- Data provided
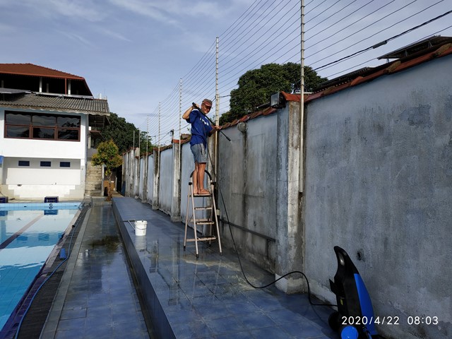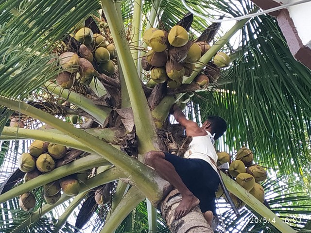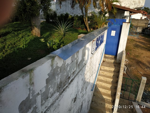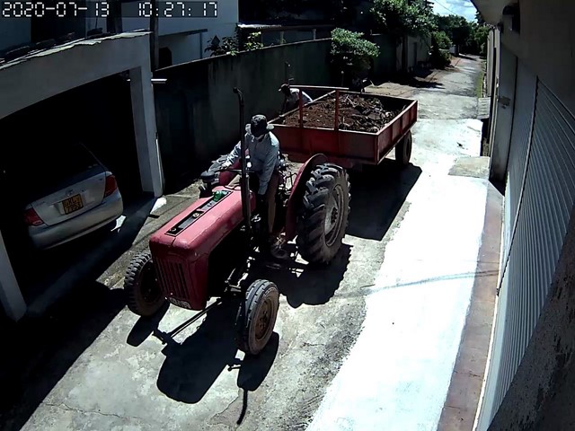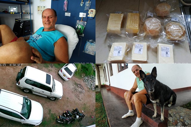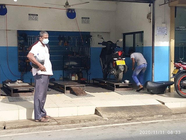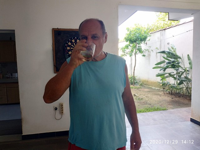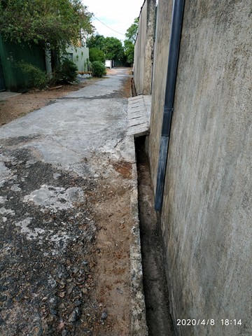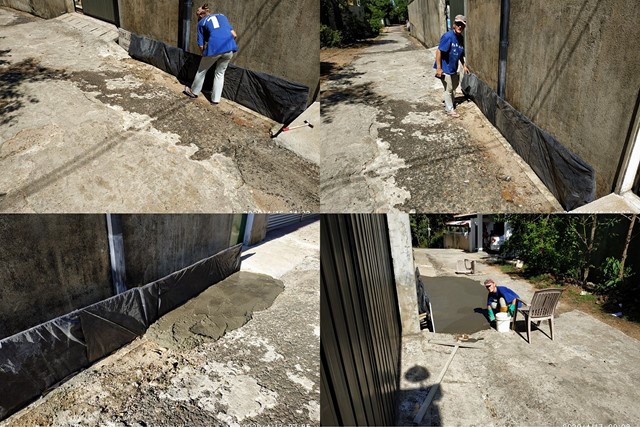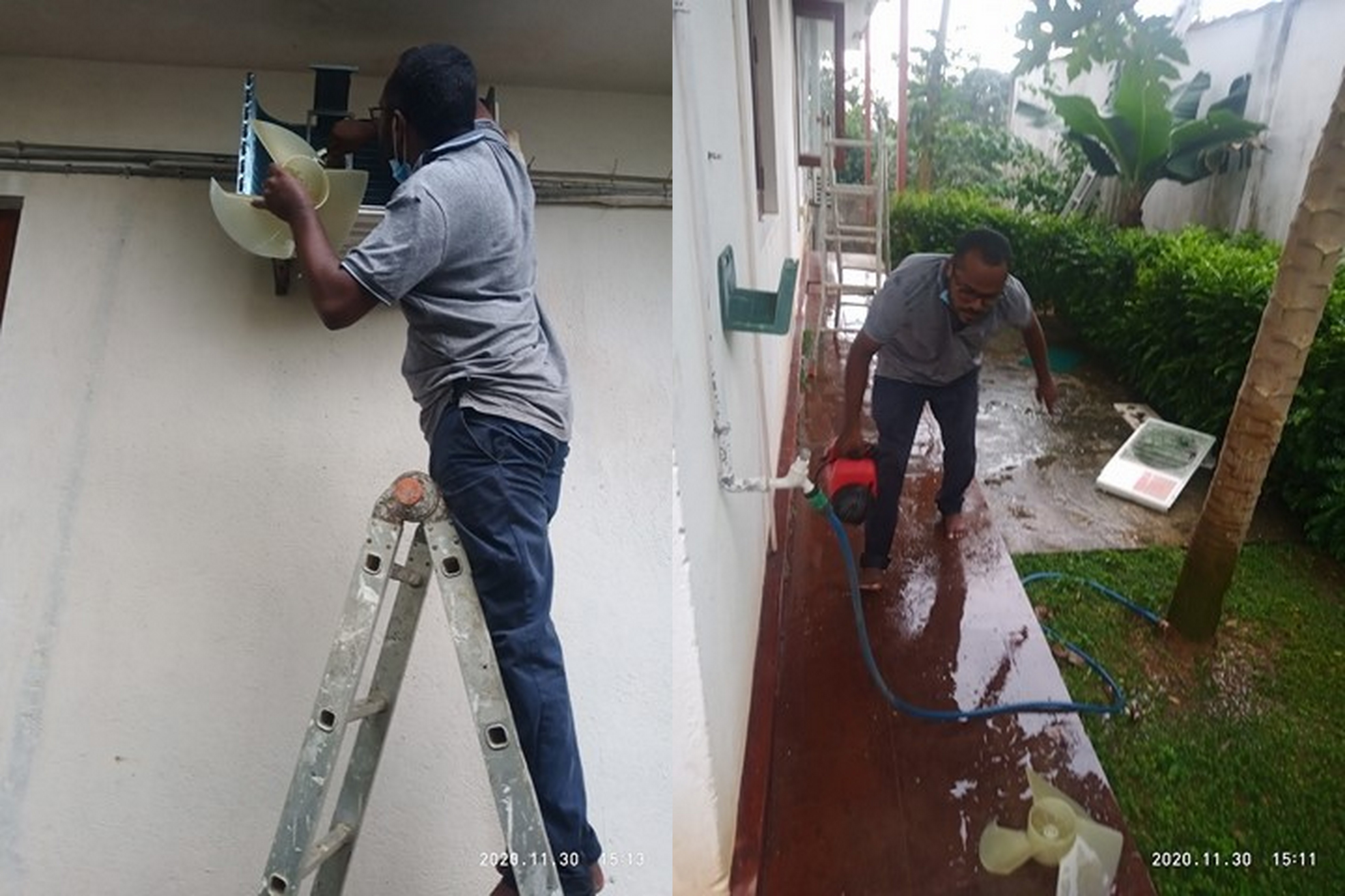 Upul, unser neuer Nachbar, vor seinem Grundstueck. Er repariert den Zaun.
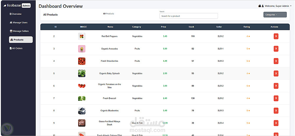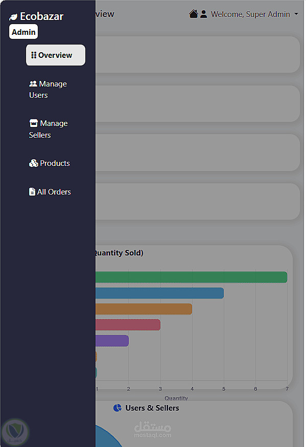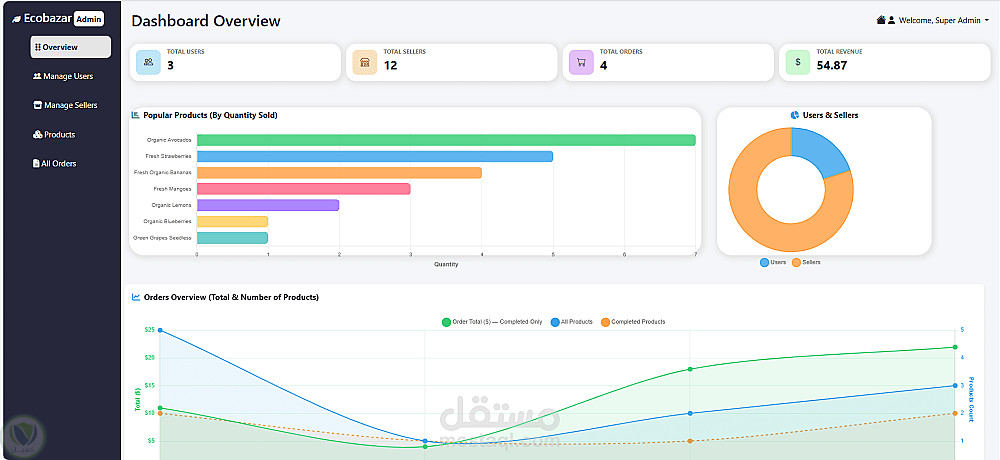 يمثل هذا المشروع لوحة التحكم المركزية (Admin Panel) الخاصة بإدارة منصة EcoBazar، وهي منصة تجارة إلكترونية متعددة التجار (Multi-vendor). تم تصميم وتطوير هذه اللوحة لتمنح مدير النظام (Super Admin) تحكماً كاملاً ومرناً في كافة الكيانات والبيانات داخل المتجر، مع واجهة مستخدم نظيفة وعملية (Clean UI) تركز على سهولة قراءة الإحصائيات وسرعة اتخاذ الإجراءات.
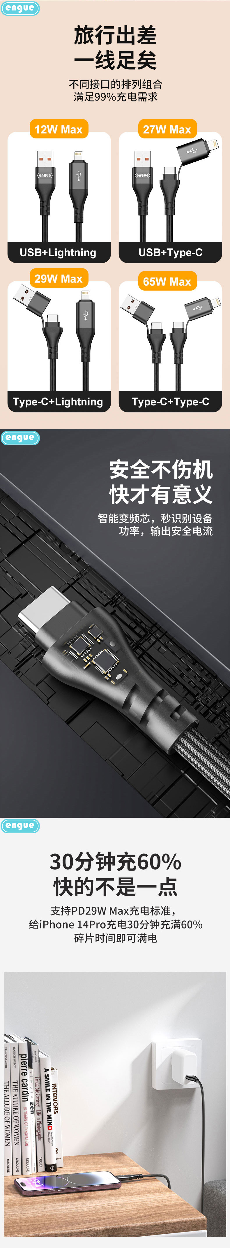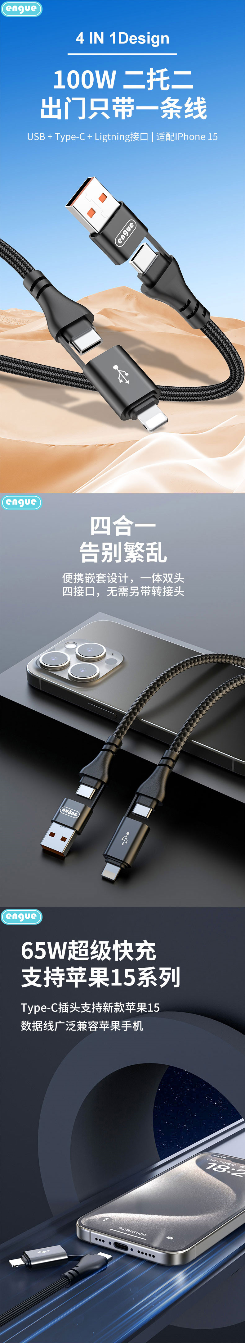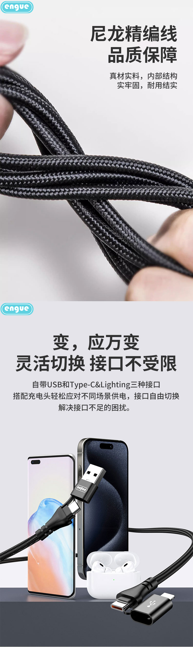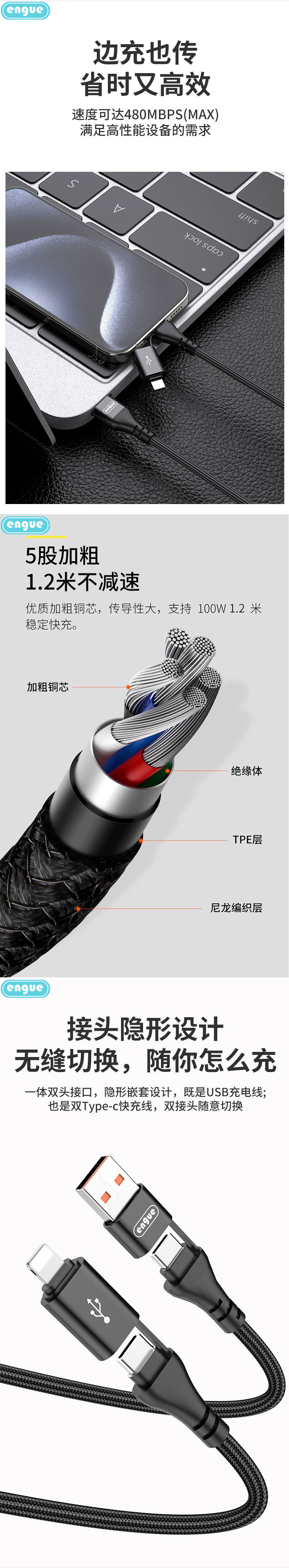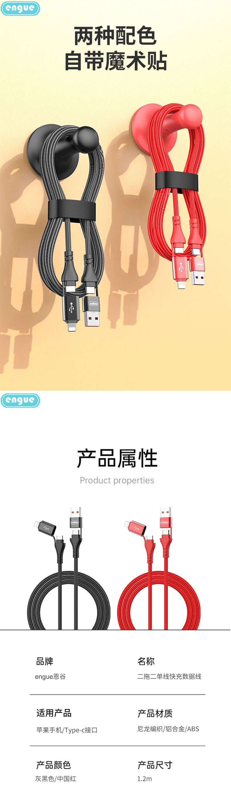 商品名称:ENGUE/恩谷二拖二单线快充数据线EG-916
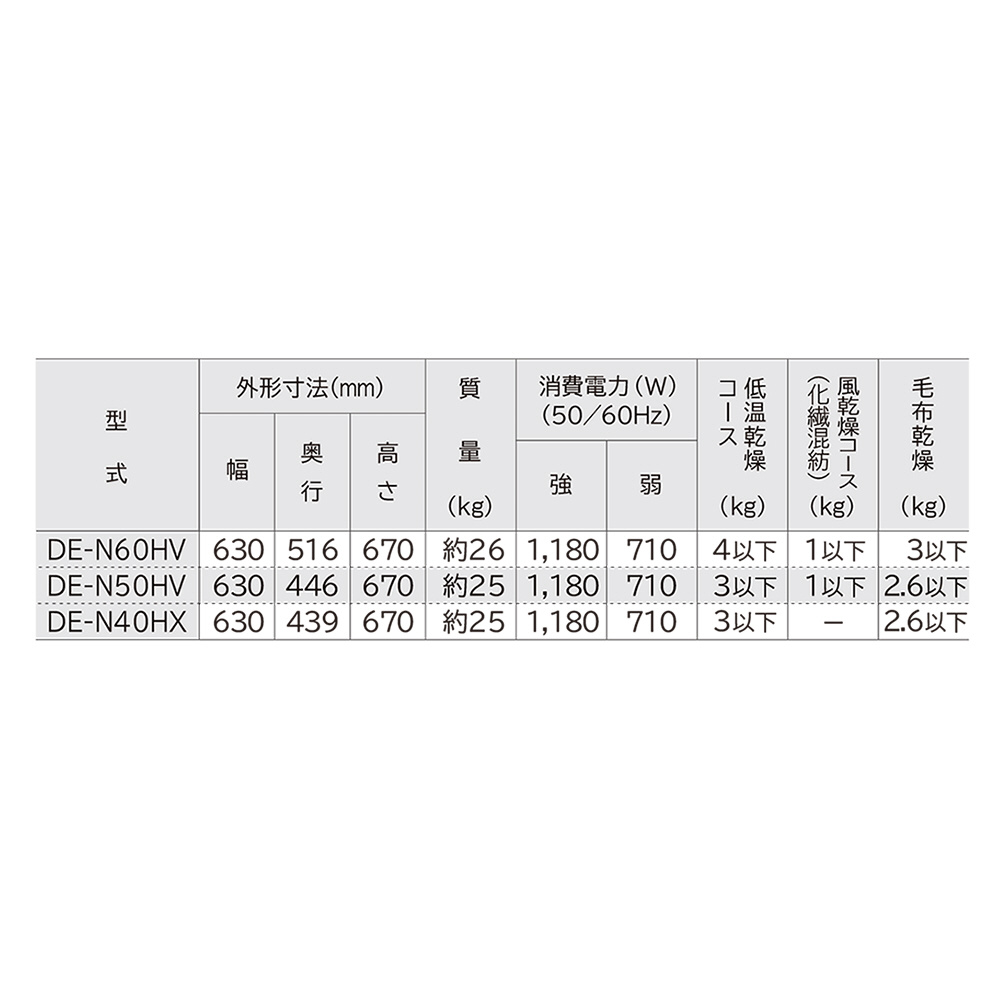 | 乾燥方式 | 電気式(50Hz/60Hz共用) |

- What the task requires
Starting with the line that contains "يمثل هذا المشروع", print every line through the end of the data exactly as written; omit all pictures and add nothing else.

- Written response
 يمثل هذا المشروع لوحة التحكم المركزية (Admin Panel) الخاصة بإدارة منصة EcoBazar، وهي منصة تجارة إلكترونية متعددة التجار (Multi-vendor). تم تصميم وتطوير هذه اللوحة لتمنح مدير النظام (Super Admin) تحكماً كاملاً ومرناً في كافة الكيانات والبيانات داخل المتجر، مع واجهة مستخدم نظيفة وعملية (Clean UI) تركز على سهولة قراءة الإحصائيات وسرعة اتخاذ الإجراءات.
 商品名称:ENGUE/恩谷二拖二单线快充数据线EG-916
 | 乾燥方式 | 電気式(50Hz/60Hz共用) |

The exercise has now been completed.